Top of the Sani Pass

I found myself a strange land, a unique island of mountainous plateaus nestled in the middle of South Africa, a beautiful anomaly amidst a region of modernity, where locals lived in artfully constructed, round stone huts with thatched roofs and traveled on horse back wrapped in thick, warm, brightly colored, woolen blankets. In the east of the country the military coup that was taking place in the capital, Maseru, was virtually unheard of amongst the people I spoke to. I spent several days driving through the country, wild camping alongside crystal clear creeks, rising in the cold light of dawn to continue my slow progress west. Before I’d entered Lesotho a friend had asked if I had a GPS, they snorted derisively when I told them I didn’t possess one. It wasn’t too difficult to navigate though, there aren’t very many roads to chose from but asking directions proved to frustrating at times.
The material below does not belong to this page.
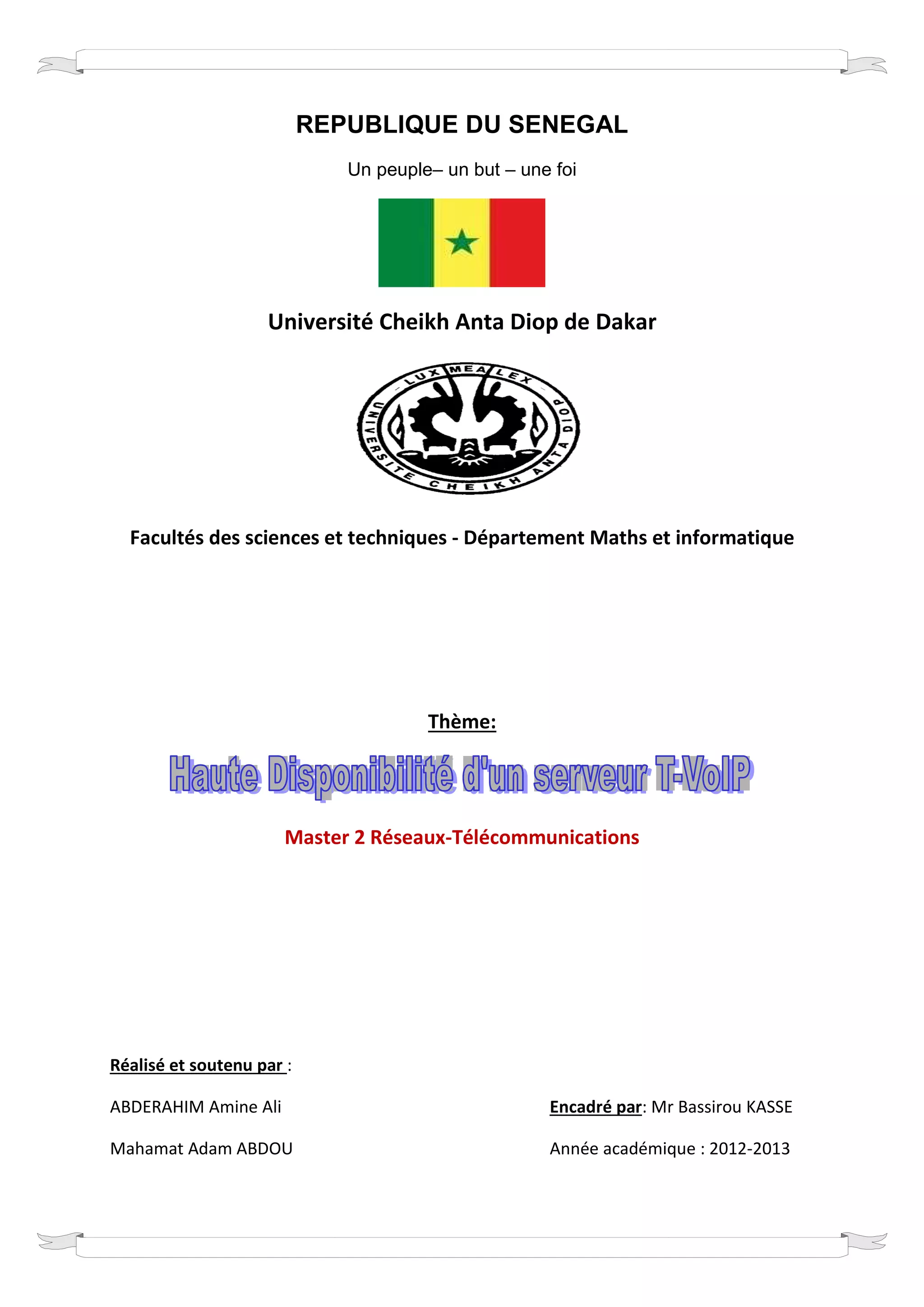 Le document traite de la téléphonie sur IP (ToIP) et de la voix sur IP (VoIP), expliquant les technologies, protocoles, et logiciels associés, notamment Asterisk, un logiciel libre pour la gestion des communications voix. Il détaille l'installation et la configuration d'Asterisk ainsi que les problèmes de disponibilité des serveurs, et évoque la haute disponibilité et le clustering pour garantir des services fiables. L'étude met en évidence l'importance de la convergence entre les données et la voix et expose les avantages de l'utilisation de la VoIP pour les entreprises.

At one point I was having trouble locating the town of Thaba-Tseka, I was sure I had the right road but on three occasions I asked a local how far it was, the first person I asked told me it was twelve kilometers, after an hour a stopped again, only to be told my destination was now twenty kilometers away and on the last occasion I was told it was thirty kilometers away. I eventually reached the town but it was only on the following day.  

Close encounters

I will return to South Africa via the western border of Lesotho, I’ve been invited on a four day canoe trip down the Orange River which borders Namibia. As my trip nears its end my emotions are mixed, like a coin flipped in the air, at times I want it to last forever but there are days when I feel ready to see it end. South Africa has changed since I was last here sixteen years ago. The noble ideals upon which the ANC swept to power have been gradually replaced with a kleptocracy, fattening the few at the expense of the many. Money intended to support and improve the country’s infrastructure disappears into the pockets of thieves and hypocrites until the pot runs dry and upturned hands are, once again, presented before the unscrupulous World Bank, the IMF and predatory foreign investors. The brave cadre of freedom fighters, or terrorists, depending on which side you supported, are strangely quiet and the current leadership maintains some questionable beliefs. The president, while defending a rape allegation from a HIV positive victim claimed that showering afterwards would prevent him from catching the virus. In a country racked by the plague of AIDS a senior health minister advised the general public that a diet of onions and sweet potatoes could help cure the disease. With leadership like this at the helm I can only wonder what course this country will take. For the chosen few conditions in this country have improved beyond their wildest dreams but, for the majority, little has changed.